Question

My rails 4 application has many Measures which belong to a Station. I tried to eager load the measures in my controller:

 @station = Station.includes(:measures).friendly.find(params[:id])
 @measures = @station.measures

However when I added a method to the measure model which access a property of the station it causes an additional query per measure:

 SELECT "stations".* FROM "stations" WHERE "stations"."id" = ? ORDER BY "stations"."id" ASC LIMIT 1 

This means about 50 queries per page load which totally tanks performance.

How do I properly eager load the relationship to avoid this n+1 query? Am I going about it wrong?

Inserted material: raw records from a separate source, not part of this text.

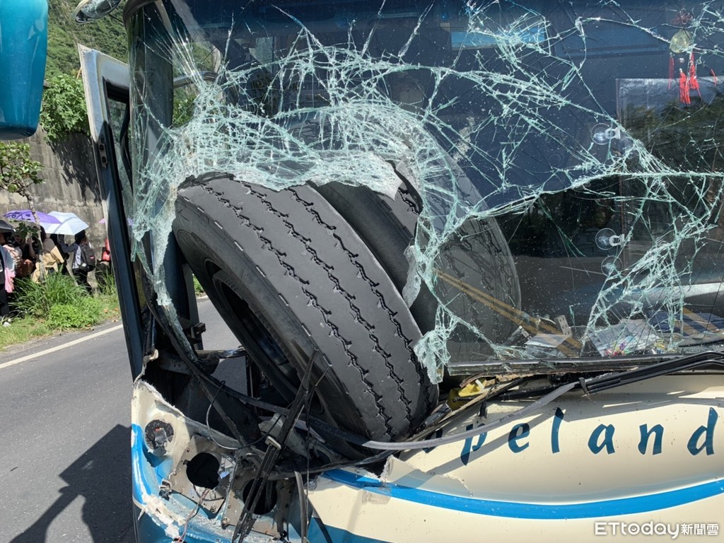 花蓮台9線蘇花公路179.8K南下車道28日上午10時35分發生離奇車禍,一輛遊覽車行經崇德路段時,前方的砂石車的輪胎組突然鬆脫,2顆輪胎向後噴飛,當場砸中遊覽車擋風玻璃,還卡入車頭中,突如其來的巨響也讓司機、乘客全都嚇傻,所幸司機反應得宜,立即穩住車身,才未釀成人員傷亡。目前確切事故原因,警方已到場調查釐清。
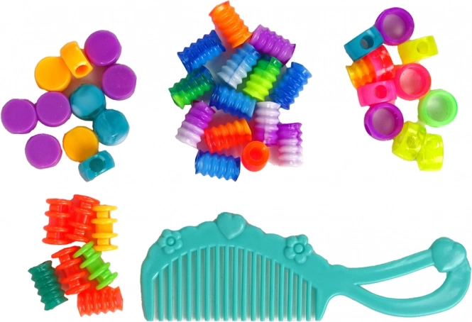 Ta celovit komplet za okraševanje las otrokom omogoča, da izrazijo svojo domišljijo. S pomočjo dveh orodij za nanašanje perel in sukanje niti boste zlahka ustvarili izvirne pričeske – od subtilnih kitk z barvnimi nitmi do izrazitih vzorcev s perlami.
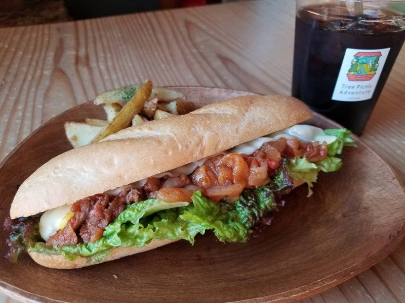 センターハウスにある「カフェピクニック」では、アスレチックの腹ごしらえにぴったりな池田町の食材を使ったメニューをご用意。商品は園内のお好きな場所でお召し上がりいただけます。風に揺れる葉の音や木漏れ日を感じられるオープンテラス、また薪ストーブのある店内でゆっくり過ごすのもおすすめです。
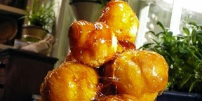 2. Put the sugar with 1/2 water in a saucepan, dissolve, and boil to caramel (340°F). Dip the choux balls into the caramel and arrange in a circle. Continue dipping and build the balls up like a stone wall, preferable around an oiled cone (or flowerpot) to make a big tree. Spin some of the extra caramel around the tree. Set aside until ready to serve.
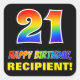 21st Birthday: Bold, Fun, Simple, Rainbow 21 Square Sticker
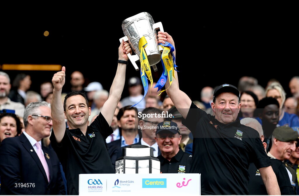 20 July 2025; Tipperary selectors Michael Bevans, left, and TJ Ryan lift the Liam MacCarthy cup after victory in the GAA Hurling All-Ireland Senior Championship final match between Cork and Tipperary at Croke Park in Dublin. Photo by Stephen McCarthy/Sportsfile
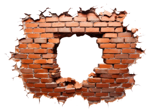Old brick wall with a large hole in the middle. Abstract background in red and gray and with copy space.
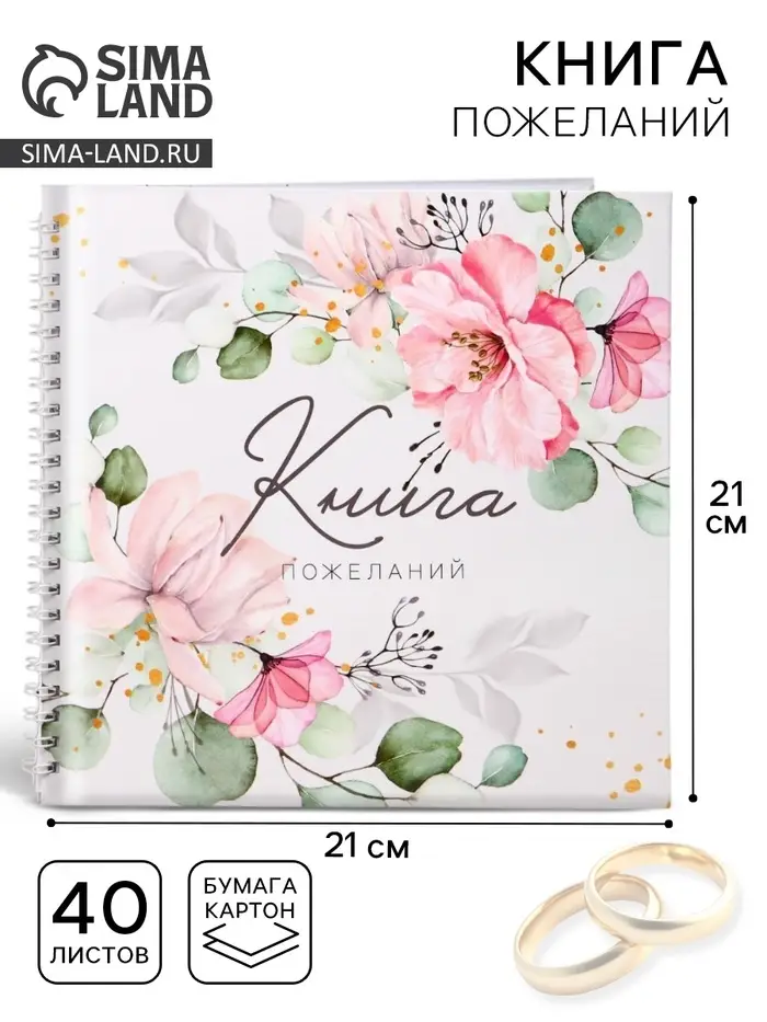 Книга пожеланий на свадьбу, на пружине, 21.1×21 см, «Цветы»
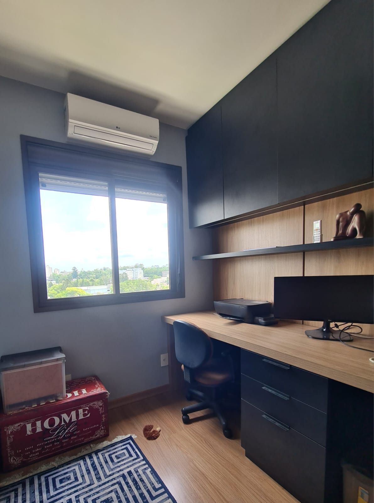 Apartamento semi-mobiliado com 3 quartos, sendo 1 suíte, 71 m² privativos, 2 banheiros e 2 vagas de garagem, localizado no bairro Partenon, em Porto Alegre. O imóvel oferece excelente iluminação natural e ventilação cruzada. Possui sacada, living aconchegante com piso em porcelanato, forro de gesso com sancas e iluminação planejada. A cozinha é integrada em estilo americano, com móveis planejados, e a área de serviço é separada. Conta ainda com água quente em todos os pontos, medição individual de água e gás, banheiros com armários e ótima distribuição dos ambientes.
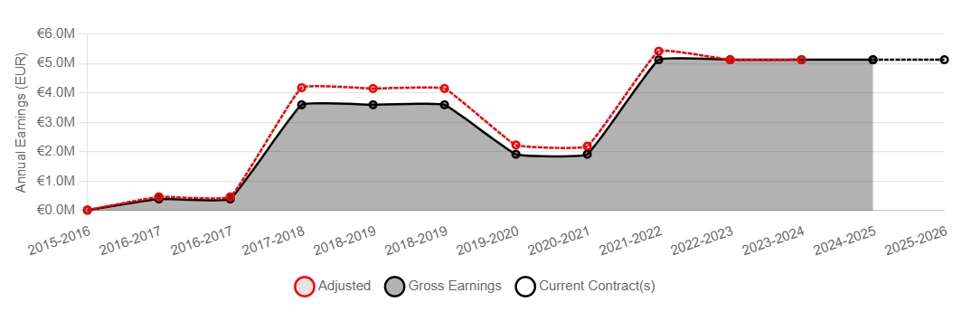 特奧職業(yè)生涯稅前基本年薪走勢圖
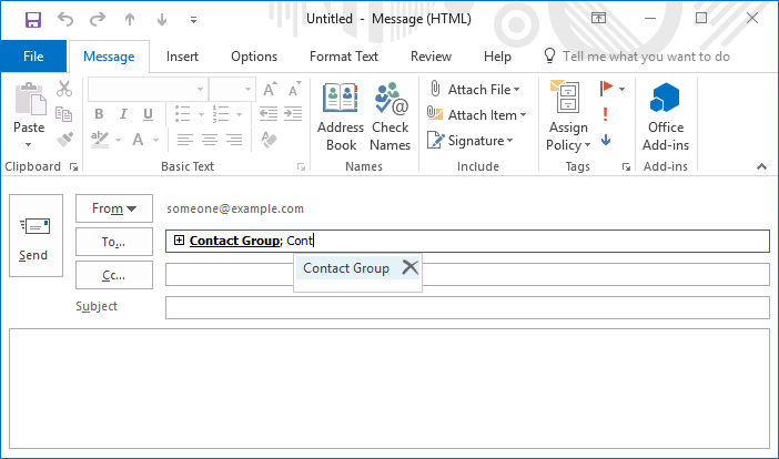 Type the name of the contact group and then press Alt+K or Ctrl+K to resolve it. In most cases, you can type a portion of the group name and then press Alt+K or Ctrl+K to resolve it.
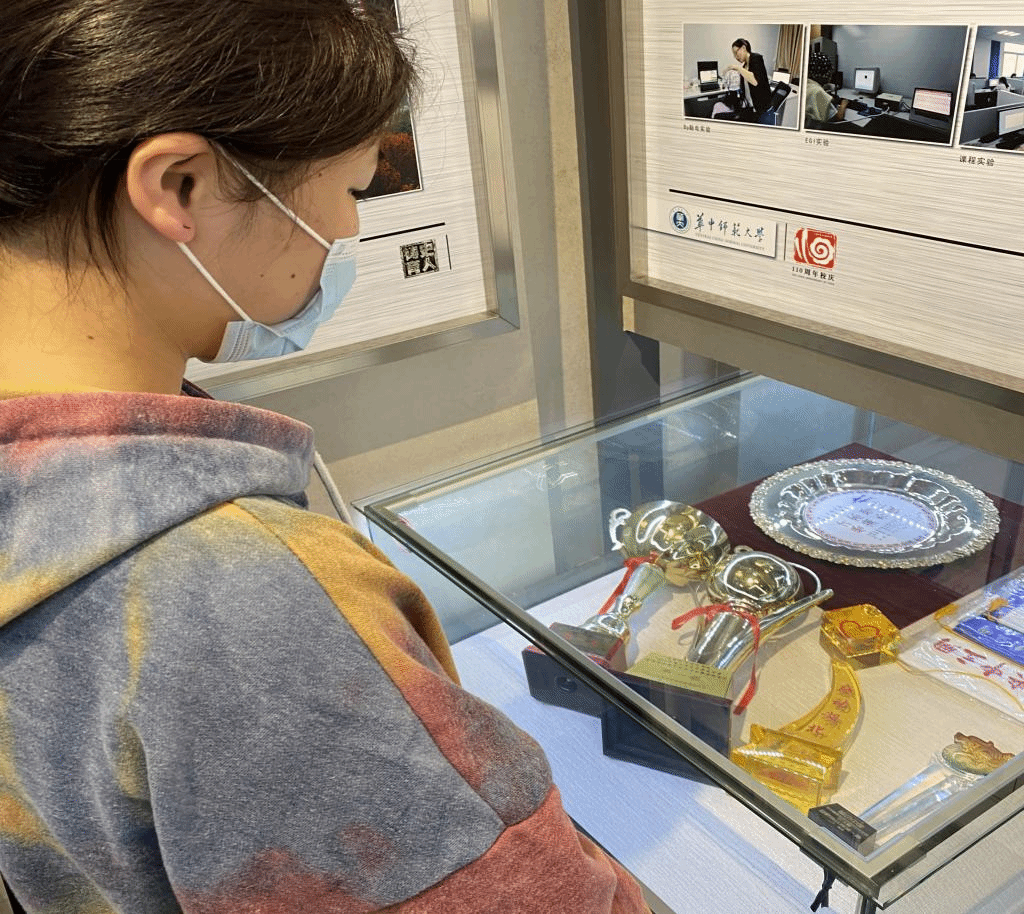 在校史馆接待人员的带领下同学们沿着历史长廊,深入地了解了华中师范大学近百年的历史。展厅分为三个主题:印象华师、百年辉煌和十年跨越,讲解员仔细地梳理了华中师范大学曲折前行的历史脉络,大家时而聚集在讲解员身边聆听讲解,时而分散开仔细了解自己感兴趣的史料。
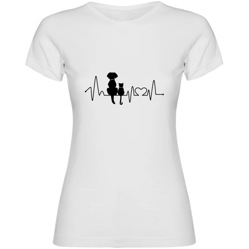 Dámské tričko – KOČKA A PES EKG je must-have pro všechny milovnice čtyřnohých přátel. Kombinace EKG křivky a siluet psa i kočky vyjadřuje silné pouto ke zvířatům – bez ohledu na to, jestli máš doma vrnící šelmu, věrného parťáka, nebo oba!
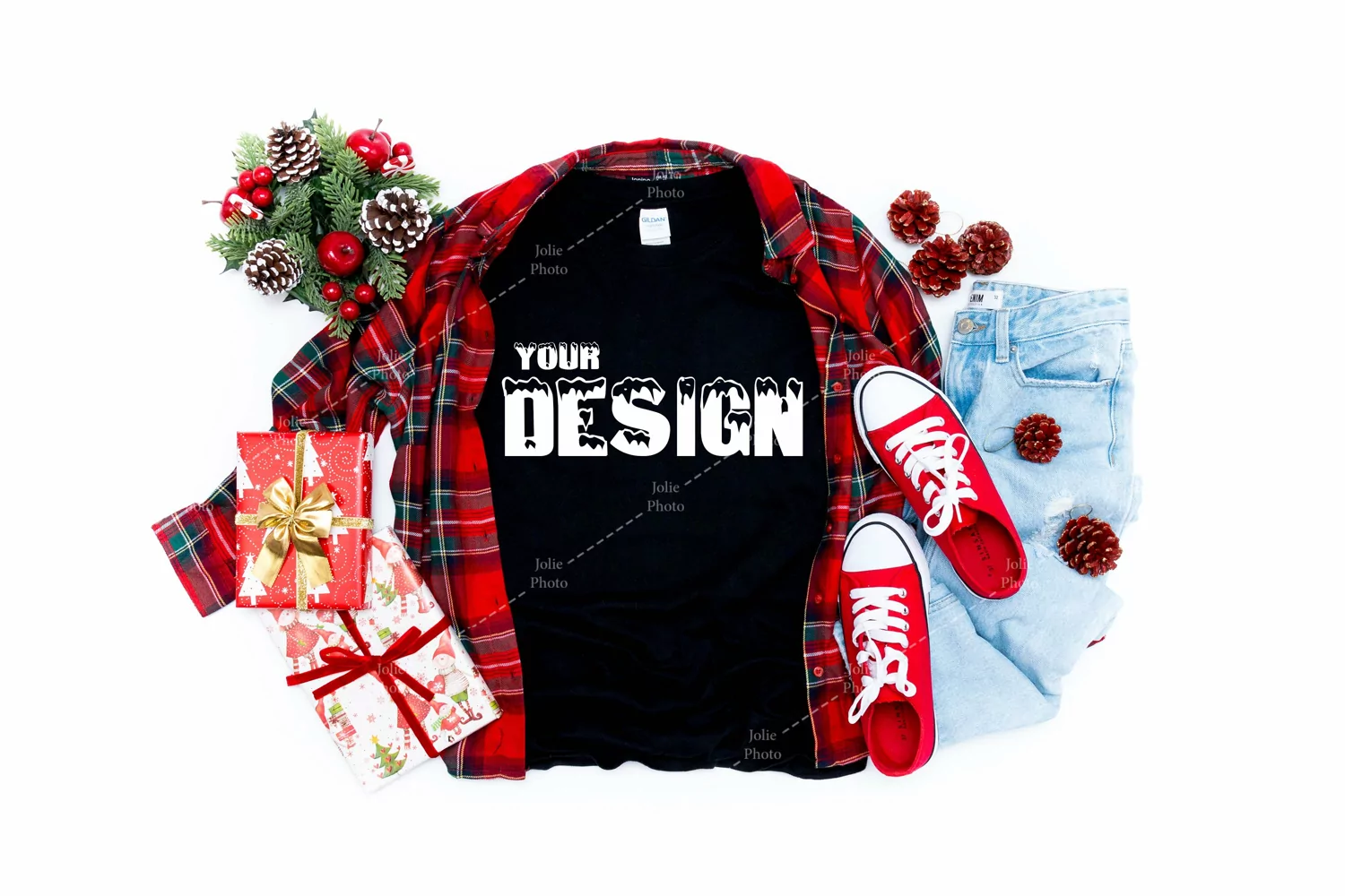 A simple Gildan 64000 Softstyle t-shirt photo mockup featuring red snickers, jeans, checkered shirt and Christmas decorations. This high-quality t-shirt stock photography featuring a Gildan 64000 Unisex Tee in black color can be used to display your Christmas designs, art or photography products for your online store, website or social media with just a few clicks. A huge time saver: simply add your design to the photo by using photo editing software.
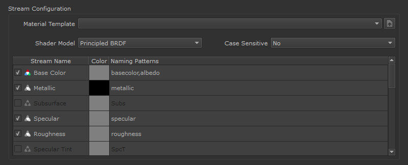 Note: The Stream Configuration table is used to match the texture files' naming patterns to the shader input they are targeted for.
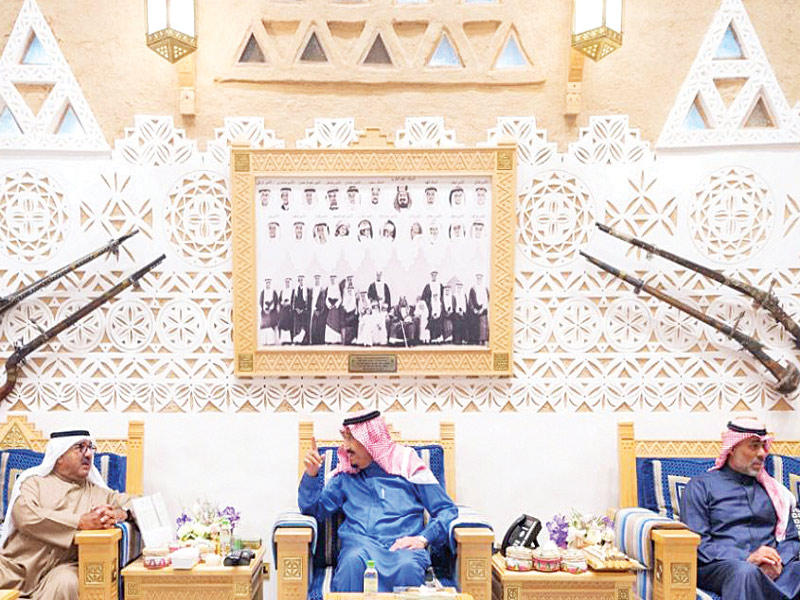 خادم الحرمين خلال استقباله ناصر الصباح في قصر العوجا بالدرعية أمس
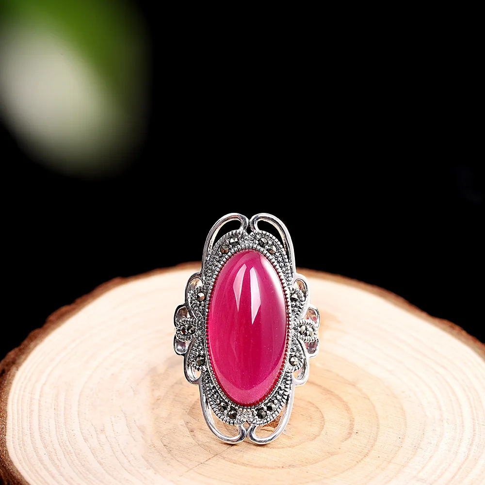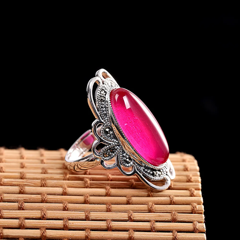 Uglyless большой Размеры драгоценные камни широкий преувеличенный кольца для Для женщин Прохладный черным агатом кольца корунда ярко-розовый экзотическая Бижутерия 925 серебро
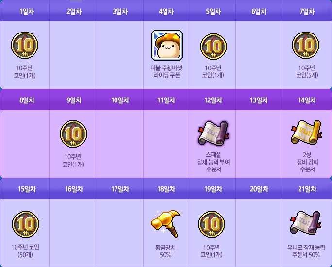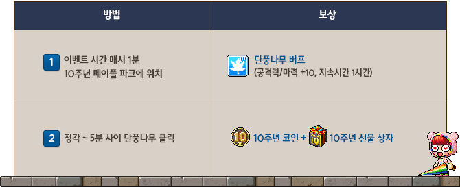 Every weekday at 4pm, 5pm, 6pm, 7pm, and 8pm, you will be invited to Maple Park! If you stay for one minute, you’ll get a 10 attack and magic attack buff for 1 hour. If you stay for 5 minutes, you’ll get a 10th Anniversary Coin and a 10th Anniversary Gift Box.
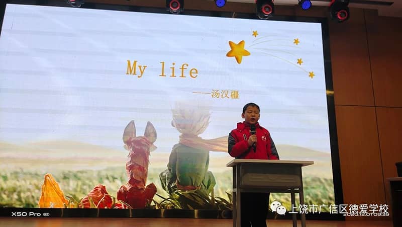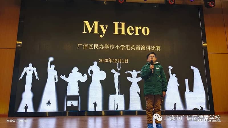 此次比赛分为两个主题,其中小学三四年级以My life为话题,进行讲故事比赛。五六年级以My hero为题进行演讲比赛。

github: /app/controllers/stations_controller.rb

class StationsController < ApplicationController
  ...

  # GET /stations/1
  # GET /stations/1.json
  def show
    @station = Station.includes(:measures).friendly.find(params[:id])
    @measures = @station.measures
  end

  ...
end

github: /app/models/measure.rb

class Measure < ActiveRecord::Base
  belongs_to :station, dependent: :destroy, inverse_of: :measures
  after_save :calibrate!
  after_initialize :calibrate_on_load

  ...

  def calibrate!
    # this causes the n+1 query
    unless self.calibrated
      unless self.station.speed_calibration.nil?
        self.speed            = (self.speed * self.station.speed_calibration).round(1)
        self.min_wind_speed   = (self.min_wind_speed * self.station.speed_calibration).round(1)
        self.max_wind_speed   = (self.max_wind_speed * self.station.speed_calibration).round(1)

        self.calibrated = true
      end
    end
  end

  def calibrate_on_load
    unless self.new_record?
      self.calibrate!
    end
  end

  def measure_cannot_be_calibrated
    if self.calibrated
      errors.add(:speed_calbration, "Calibrated measures cannot be saved!")
    end
  end

end

github: /app/models/stations.rb

class Station < ActiveRecord::Base

  # relations
  belongs_to :user, inverse_of: :stations
  has_many  :measures, inverse_of: :station, counter_cache: true

  # slugging
  extend FriendlyId
  friendly_id :name, :use => [:slugged, :history]

  ...

end

ADDITION It interesting to note that this does not cause a n+1 query. But I would rather not duplicate it across my controllers.

 class Measure < ActiveRecord::Base
      ...
      # after_initialize :calibrate_on_load
      ...
 end      


 @station = Station.includes(:measures).friendly.find(params[:id])
 @measures = @station.measures
 @measures.each do |m|
   m.calibrate!
 end
Was it helpful?

Solution 3

after_initialize occurs before relations are eager-loaded by joins or include. See https://github.com/rails/rails/issues/13156

I decided to after some good advice use a dfferent approach and came up with this:

class Station < ActiveRecord::Base

  ...

  alias_method :measures_orig, :measures
  def measures
      measures_orig.map do |m|
        m.calibrate!
      end
  end

end

OTHER TIPS

Try to include station to measure as well.

def show
  @station = Station.includes(:measures).friendly.find(params[:id])
  @measures = @station.measures.includes(:station)
end

The :includes option will usually trigger loads in separate queries as you are seeing, because in many cases it is more performant. If you want to ensure it's done in one query, try using :joins instead, but beware that the resulting records returned will be read-only.